• WHAT IS EXPECTED
The data below contains pictures, which are to be skipped; the lines starting at the line with "coat Top 3xl" and ending at the line with "A missão lusa" are to be output exactly, both ends included.

#### RECORDS SHOWN

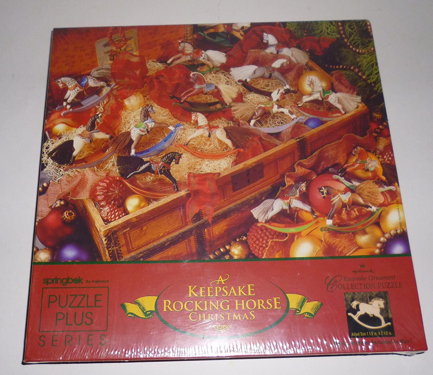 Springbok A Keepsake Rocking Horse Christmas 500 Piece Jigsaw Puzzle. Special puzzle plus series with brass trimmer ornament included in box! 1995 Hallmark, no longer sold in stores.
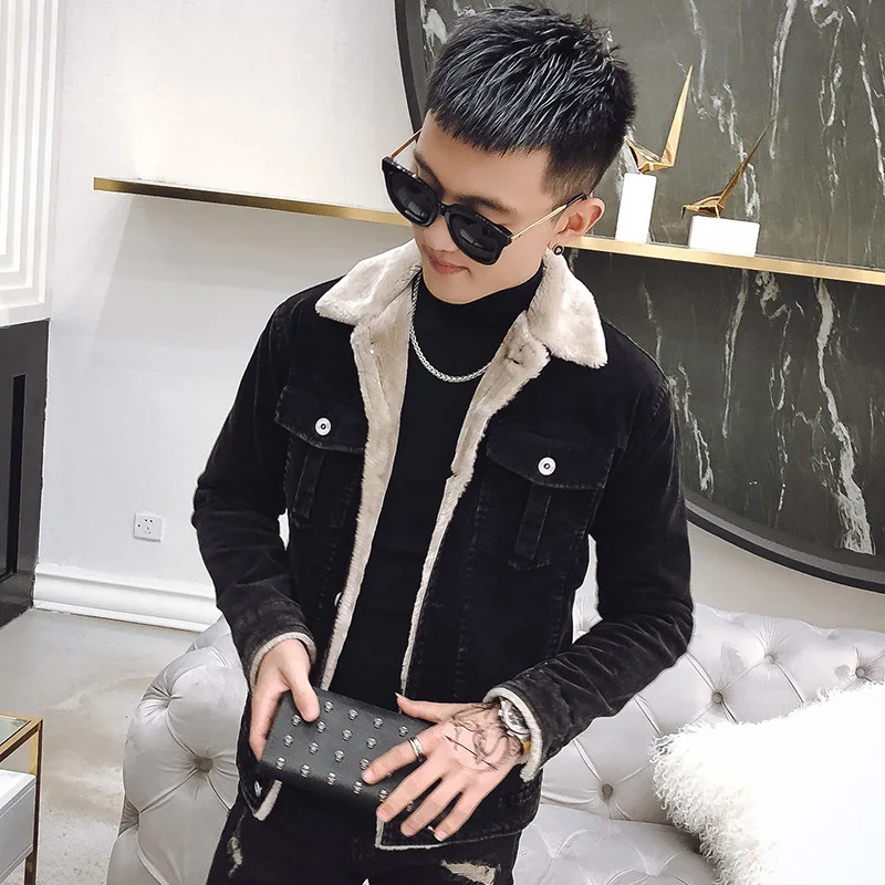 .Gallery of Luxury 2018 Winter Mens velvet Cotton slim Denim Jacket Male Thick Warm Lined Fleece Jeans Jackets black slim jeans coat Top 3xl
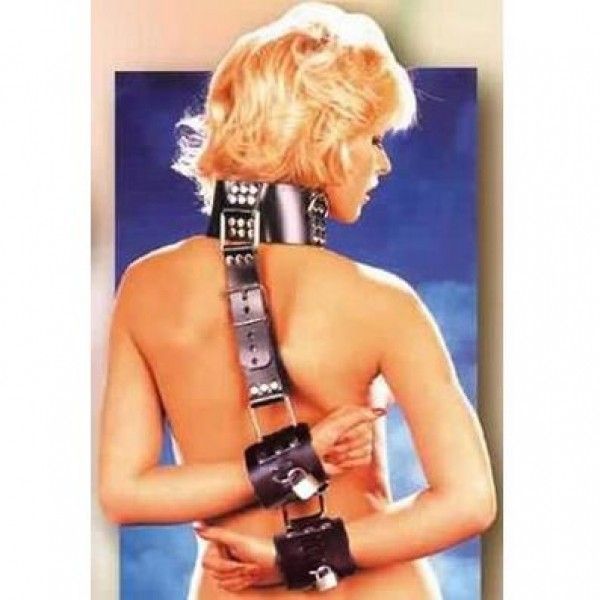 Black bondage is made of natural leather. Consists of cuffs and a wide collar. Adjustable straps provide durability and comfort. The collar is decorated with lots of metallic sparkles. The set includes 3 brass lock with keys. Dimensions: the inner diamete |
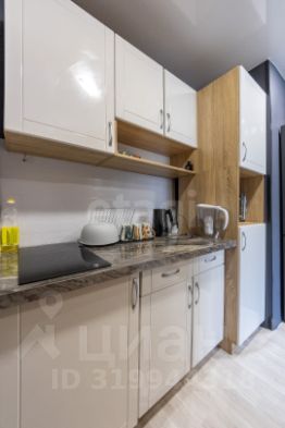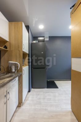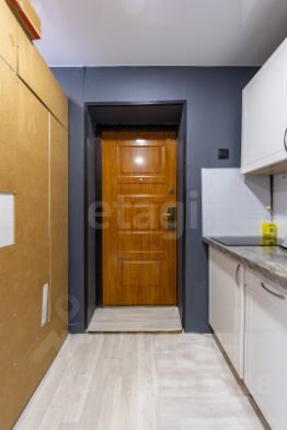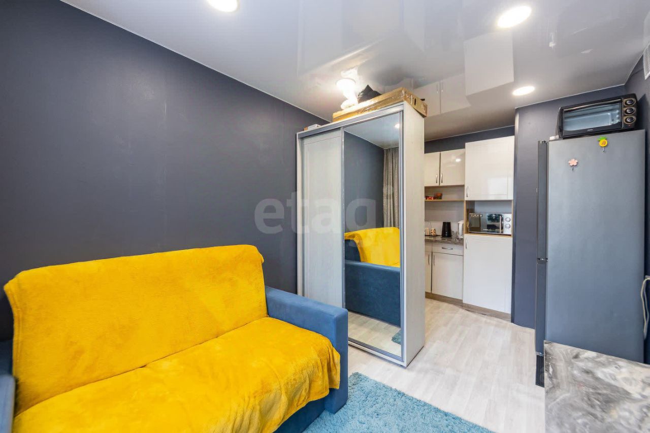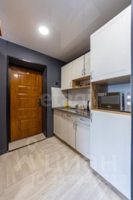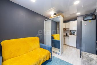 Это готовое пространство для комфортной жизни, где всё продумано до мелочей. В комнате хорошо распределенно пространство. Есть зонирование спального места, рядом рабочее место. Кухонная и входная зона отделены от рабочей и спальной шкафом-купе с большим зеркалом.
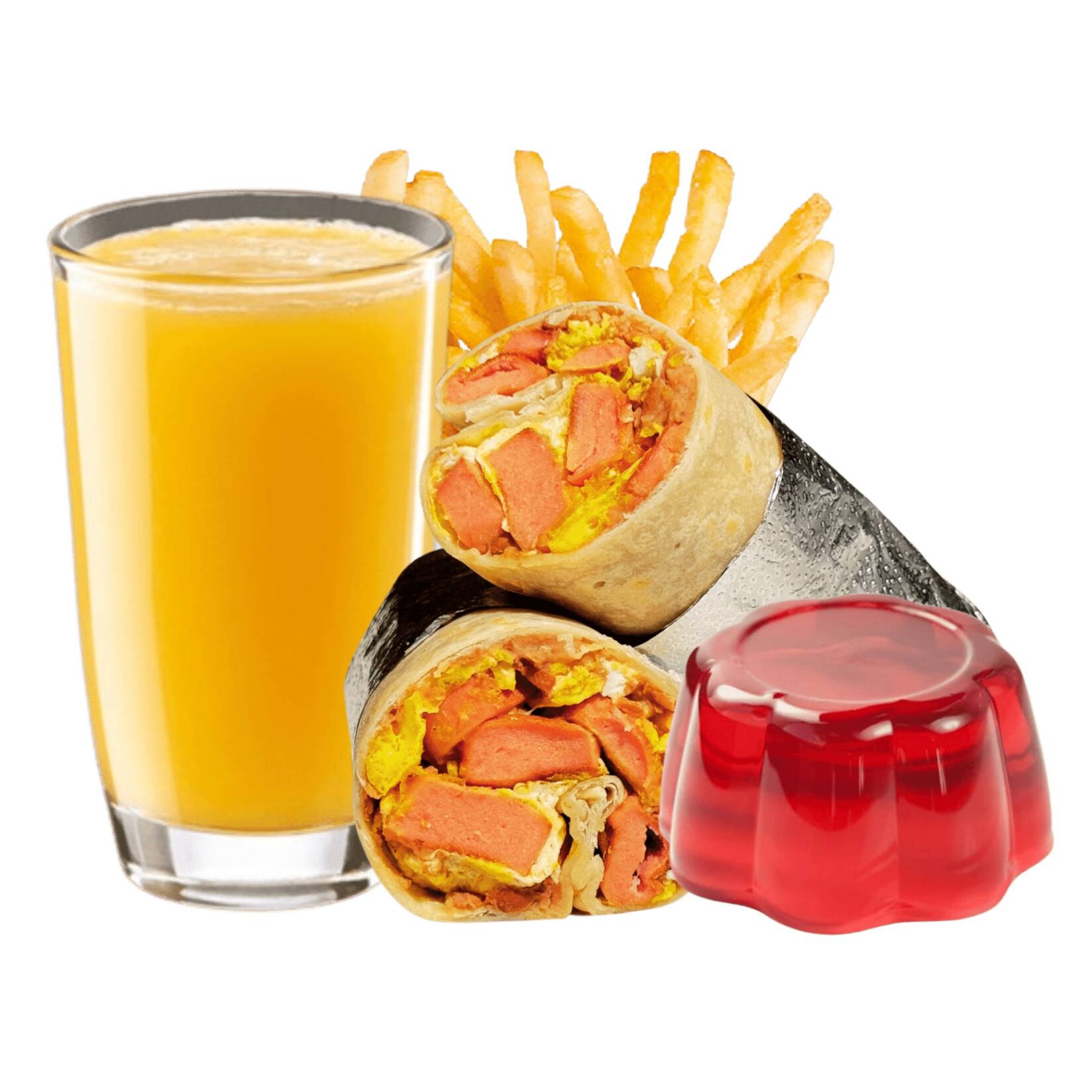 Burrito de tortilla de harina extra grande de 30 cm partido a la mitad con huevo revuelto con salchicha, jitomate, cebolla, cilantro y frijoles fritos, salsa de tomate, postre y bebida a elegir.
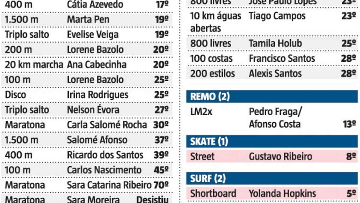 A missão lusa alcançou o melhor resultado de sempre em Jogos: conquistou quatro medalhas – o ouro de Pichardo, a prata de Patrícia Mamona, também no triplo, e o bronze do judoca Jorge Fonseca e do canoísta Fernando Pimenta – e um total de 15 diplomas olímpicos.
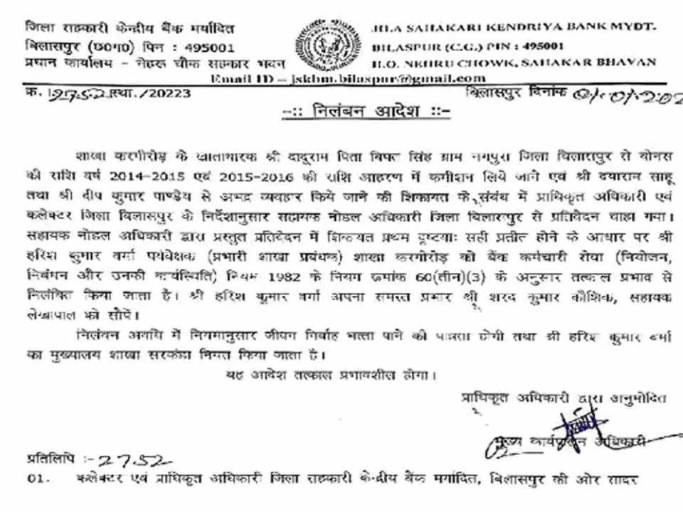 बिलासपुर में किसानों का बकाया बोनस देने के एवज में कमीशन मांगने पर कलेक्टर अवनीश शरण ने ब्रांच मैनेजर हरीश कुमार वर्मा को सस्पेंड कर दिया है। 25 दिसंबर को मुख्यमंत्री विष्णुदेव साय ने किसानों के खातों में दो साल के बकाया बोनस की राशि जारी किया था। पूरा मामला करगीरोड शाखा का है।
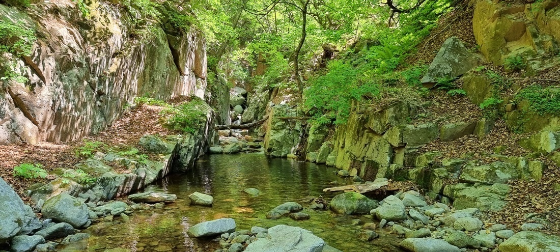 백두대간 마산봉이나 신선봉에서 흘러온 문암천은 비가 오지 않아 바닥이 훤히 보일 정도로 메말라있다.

########

• EXERCISE OUTPUT
 .Gallery of Luxury 2018 Winter Mens velvet Cotton slim Denim Jacket Male Thick Warm Lined Fleece Jeans Jackets black slim jeans coat Top 3xl
 Black bondage is made of natural leather. Consists of cuffs and a wide collar. Adjustable straps provide durability and comfort. The collar is decorated with lots of metallic sparkles. The set includes 3 brass lock with keys. Dimensions: the inner diamete |
 Это готовое пространство для комфортной жизни, где всё продумано до мелочей. В комнате хорошо распределенно пространство. Есть зонирование спального места, рядом рабочее место. Кухонная и входная зона отделены от рабочей и спальной шкафом-купе с большим зеркалом.
 Burrito de tortilla de harina extra grande de 30 cm partido a la mitad con huevo revuelto con salchicha, jitomate, cebolla, cilantro y frijoles fritos, salsa de tomate, postre y bebida a elegir.
 A missão lusa alcançou o melhor resultado de sempre em Jogos: conquistou quatro medalhas – o ouro de Pichardo, a prata de Patrícia Mamona, também no triplo, e o bronze do judoca Jorge Fonseca e do canoísta Fernando Pimenta – e um total de 15 diplomas olímpicos.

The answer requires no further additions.